The crop of would-be MPs will also include a significant number of anti-poverty campaigners. For example, Joshua Fenton-Glynn, in Calder Valley, was previously campaign manager for End Hunger UK and Jeevun Sandher, in Loughborough.

And usefully, for a party pledging to halve crime and a tough stance on people trafficking, its potential new intake includes more than a dozen lawyers, a serving prison officer in Doncaster’s Sally Jameson and a former police officer with Pendle and Clitheroe’s Jonathan Hinder.

Mike Tapp, the party’s candidate for Dover, which has been Tory-held since 2010 but is on course to turn red, is highlighted by insiders a possible asset to the front bench. He is a former soldier who has also served the National Crime Agency on tackling serious and organised crime. Most recently he worked at the Ministry of Defence in a counter terrorism role. Marie Tidball, in Penistone and Stocksbridge, is also a research associate at Oxford University’s Centre for Criminology and, having overcome a significant disability herself, is known as a strong advocate and expert on disability rights.

The group includes a significant number of former teachers including Josh MacAlister, campaigning for the Whitehaven and Workington seat, who is a leading expert on social care. He founded the social work charity Frontline and chaired a government review of children’s social care, which sounded the alarm over the state of the care sector.

Many on the new candidates have links to the current Labour operation. Former Ed Miliband adviser Polly Billington, one of at least three journalists selected, will contest South Thanet. Imogen Walker, deputy leader of Lambeth Council and candidate for Lanark and Hamilton East, is wife to campaign director Morgan McSweeney. Liam Conlon, son of Starmer’s chief of staff Sue Gray, will run to become an MP in south London’s Beckenham and Penge.

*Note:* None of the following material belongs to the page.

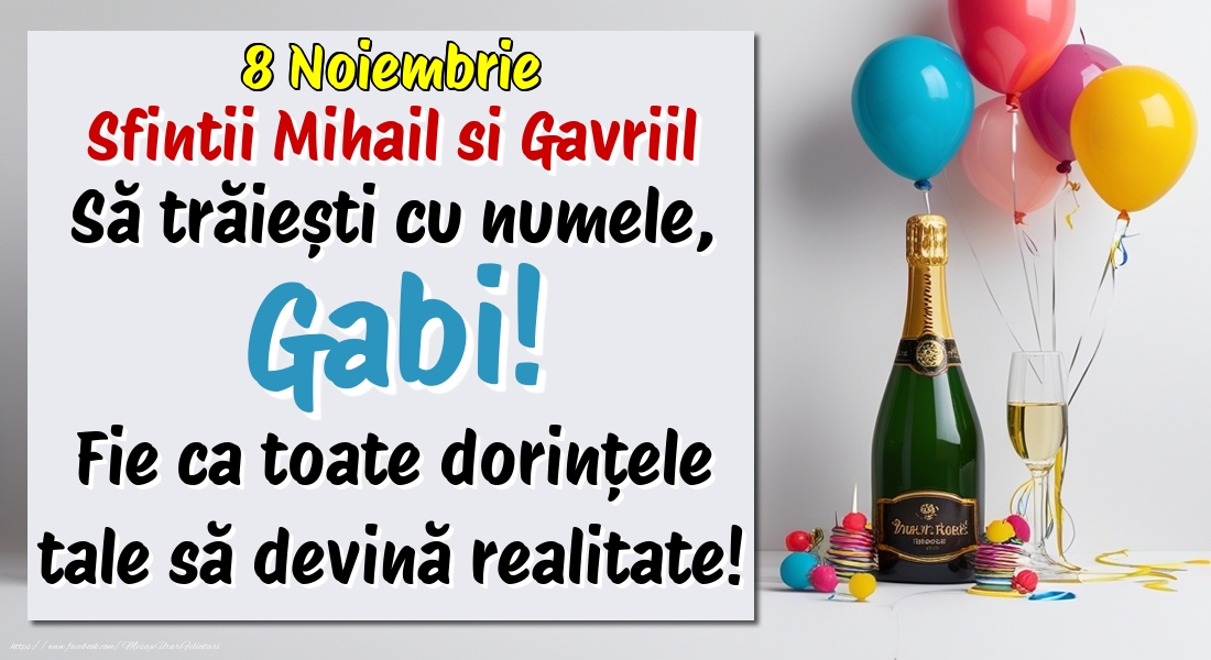8 Noiembrie - Sfintii Mihail si Gavriil -  Să trăiești cu numele, Gabi! Fie ca toate dorințele tale să devină realitate! | Felicitare cu șampanie cu un pahar și baloane colorate | Felicitari de Ziua Numelui

The group also includes several climate change specialists, such as Basingstoke’s Luke Murphy, from the IPPR think-tank and Perran Moon, who is running in Cornwall’s Camborne and is director of an electric vehicle charging point business.

It is frequently remarked on in Labour circles that Wes Streeting, the shadow Health Secretary regarded by many as a future leader, can count a significant number of allies in the new cohort. They include his partner Joe Dancey, who is standing in the marginal seat of Stockton West, and worked previously as a New Labour special adviser and organiser of the London Olympics.

With deputy leader Angela Rayner promising a raft of workers’ rights, there is also a series of candidates with strong trade union links, prepared to back her if her “new deal” package becomes a flashpoint with the party’s right, as some reports have claimed. They include a cross-section of party figures, including Midgeley, Lola McEvoy, the GMB union’s health organiser contesting Darlington, and Paul Davies, a former National Union of Mineworkers’ rep who began his career as an electrician in Welsh mines and is now contesting marginal Colne Valley for Labour.

Among the other potential members of the new intake are Josh Tapper, a 26-year-old civil servant and former star of Channel 4’s Gogglebox, who has been selected to challenge deputy Prime Minister Oliver Dowden in Hertsmere and former Blur drummer Dave Rowntree who will switch Wembley for Westminster if he is elected as the MP for Mid Sussex.

“The standards for candidate selection in the Labour Party have never been higher,” said a party source. “We have worked hard to bring in big political experience as well as people who are working at the top of their professions. From prison officers, shop owners and police officers to scientists, economists and fund managers we have a wealth of real-life experience hopefully coming into the next parliament.

“Candidates have gone through an intense training programme with several sessions a week so they are ready to go out the blocks when the firing gun on an election is called.”